Exactly the lines from the one containing "- Orientation du" through the final line of the data below, with pictures omitted, make up the answer.

Available data =

....................

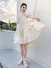 スタンダードスリーブワンピースレディース夏服スカート レトロ 大人ガーリー スウィート キュート カジュアル 夏物 パニエ ペチコート GroundMODE242089008613 | pleglad Ground
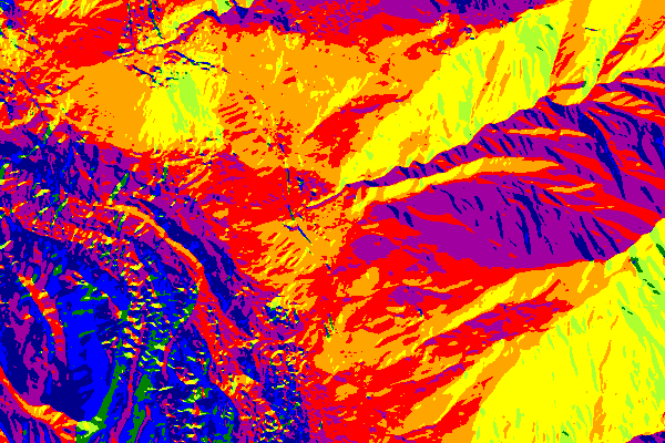 - Orientation du MNT exprimant l’orientation de la pente entre 0° (Nord) et 360° dans la direction horaire et à 0.5m de résolution
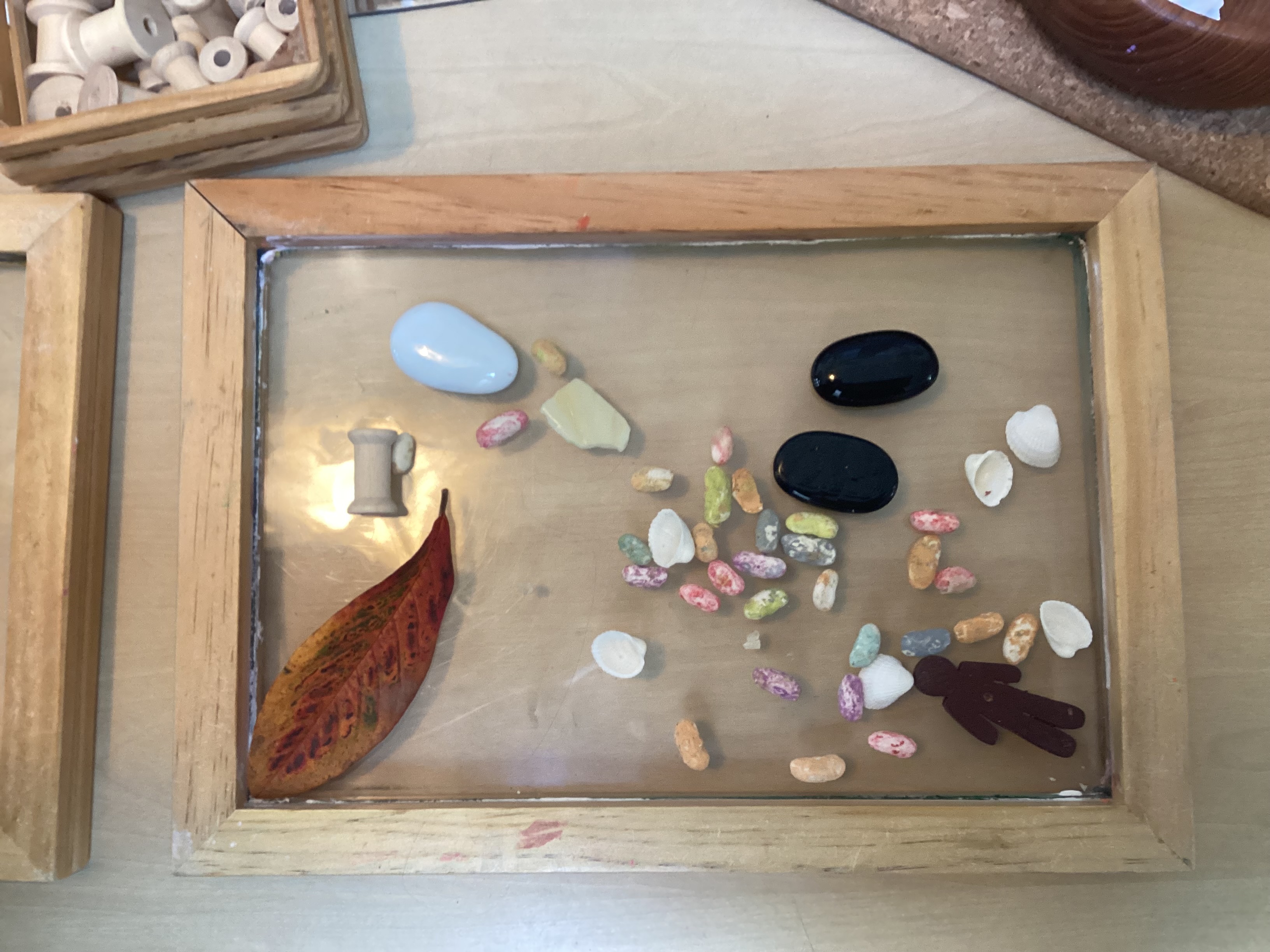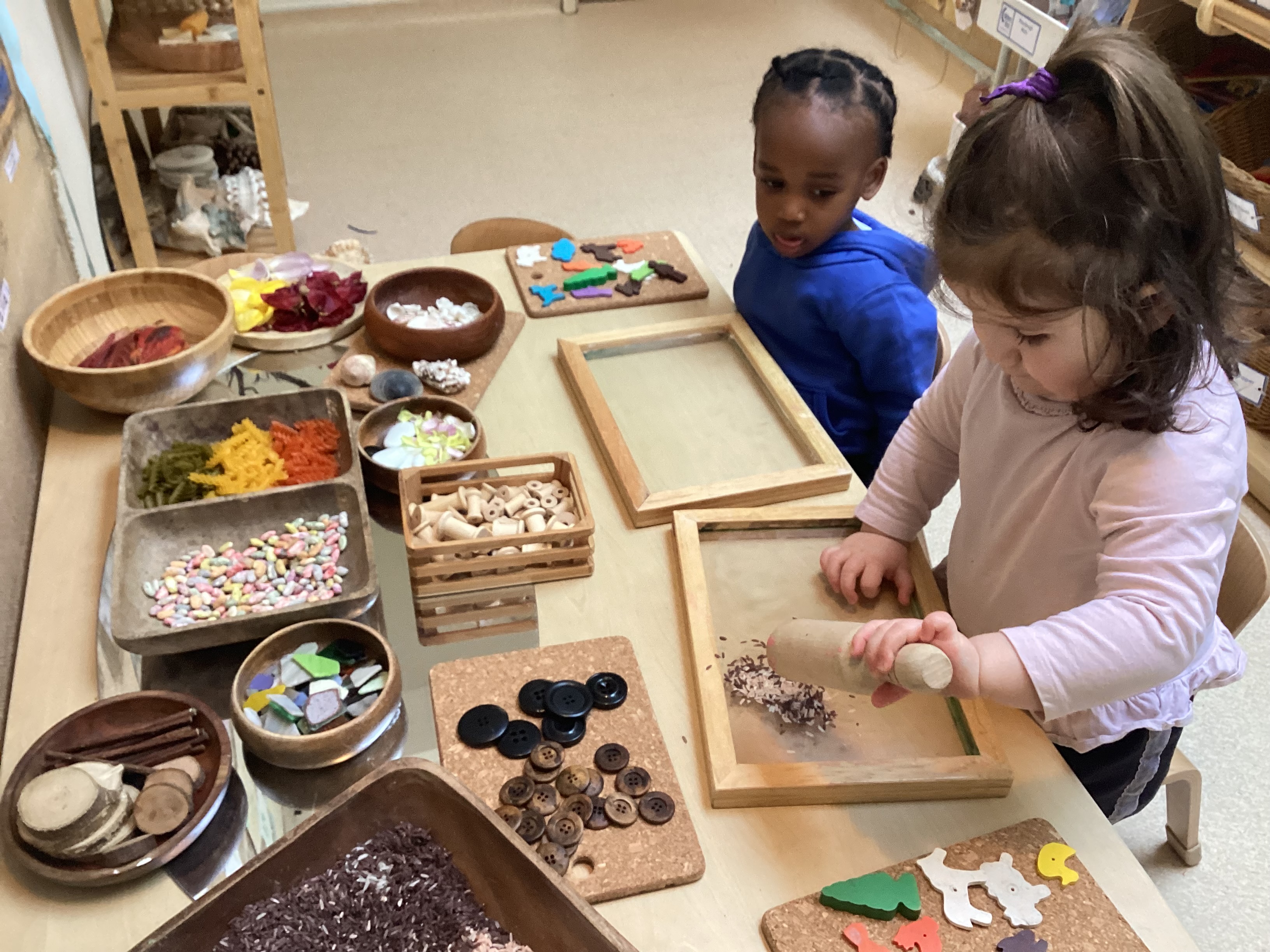 The Butterflies explored using loose parts to create their own art work. They used a frame to create a base for their art work and used a variety of media and materials to create on a large scale. Children picked up small items with pincer grasps and used palmer grips to use scoops to pour.

....................

Result of the exercise =
 - Orientation du MNT exprimant l’orientation de la pente entre 0° (Nord) et 360° dans la direction horaire et à 0.5m de résolution
 The Butterflies explored using loose parts to create their own art work. They used a frame to create a base for their art work and used a variety of media and materials to create on a large scale. Children picked up small items with pincer grasps and used palmer grips to use scoops to pour.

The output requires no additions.